184.108.40.206 Analysis of CD08+ T cells
A detailed GO analysis of significantly DRM-related genes in increasing hyperglycemia was summarized (Supplementary Table 11). At biological process level, a major regulation of immune system and neuron development was observed followed by hematopoiesis and response to lipid. KEEG highlighted the involvement of the insulin signaling pathway as well as REACTOME pointed to signal transduction (cytokines, interleukins, receptor tyrosine kinases), immune system, metabolism, transcription regulation and neural system, mainly PPIs at synapses.
3.3.3. Chromatin state discovery
We applied ChromHMM, a machine learning approach evaluating epigenomic information (called marks) across multiple cell types (CD04+ and CD08+ T cells) and multiple conditions (HS, Pre-Diab, T2D). As reported, this method allows to recognize chromatin states, by identifying their genomic occurrences . The combination of multiple marks and the relative genomic annotation can be highly informative of distinct biological functions.
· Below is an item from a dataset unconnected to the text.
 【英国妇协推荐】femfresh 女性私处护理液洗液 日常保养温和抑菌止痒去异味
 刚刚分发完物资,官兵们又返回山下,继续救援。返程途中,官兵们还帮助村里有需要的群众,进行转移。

Starting from 18 emission states (Supplementary Figure 7) (Supplementary Table 12), we selected only genomic regions associated to a decreased (state 1) or increased (states 7, 9) methylation level vs HS. Then, we found 600 genomic regions associated to hypo-state 1 and 13947 associated to hyper-states 7 and 9 from Pre-Diab to T2D. Interestingly, we observed that the most states were distinctly associated with hypermethylation status during increasing hyperglycemia. As a consequence, we supported that a continuous glucose intake could induce a progressive DNA hypermethylation in both T cells.
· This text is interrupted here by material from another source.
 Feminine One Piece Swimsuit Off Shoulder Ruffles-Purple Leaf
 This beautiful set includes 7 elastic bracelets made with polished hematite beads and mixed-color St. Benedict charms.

Since hypermethylation of CpG islands clustered around transcription start sites (TSS) usually modulate gene expression , we considered only methylated regions annotated to promoters (<=1Kb). Then, we performed pathway analysis for these two groups of genes, by using web tool g:Profiler. We founded a total of 61 genes and 1198 genes annotated to hypo-state and hyper-states, respectively (Figure 3). We noted that genes associated to hypo-state enriched “phenotypic abnormalities”. In particular, several genes, such as LRP5, ANGPTL6, SDHC and CCM2, characterized abnormalities of “CV system” and “blood circulation”. Instead, for genes associated to hyper-states, we found an enrichment in many KEGG and REACTOME pathways and numerous “human phenotypes”. In particular, KEGG analysis revealed three crucial signaling pathway, including MAPK, which plays an important role in the “regulation of CV diseases” and “cerebrovascular diseases” , PPAR, which is involved in “myocardial metabolism”,  and ERBB, involved in “diabetes-induced cardiac dysfunction” . From REACTOME, we found 54 genes, such as CD36, PPP2R5C and SOS1 involved in the pathogenesis of “insulin resistance”, “glycemic control of T2D” and “CV diseases”. Moreover, we noticed a lot of genes involved in “innate and adaptive immune system pathways”. Finally, also through GO analysis, we found alterations in numerous “human phenotypes”. A total of 51 genes characterized the increased “inflammatory response”. In particular, some cytokine genes, such as interleukin 1 (IL-1), several complement cascade members, such as C5 and C4B showed a pathogenic role in “arterial hypertension”, whereas SMAD3 mediated “diabetic cardiac hypertrophy”. A large common set of genes was involved in “abnormality” of vascular (n=71), heart (n=45) and systemic arterial (n=28) morphology. Instead, a small group of these common genes, including SMAD3, NDE1, RAD51C, ZMPSTE24, FANCD2, PPARG, MYLK, GTF2I and FANCG, characterized also “abnormal carotid artery morphology”. Finally, another smaller group of genes, containing ABCC8, SAG and UCP2, was associated to “abnormal insulin level”.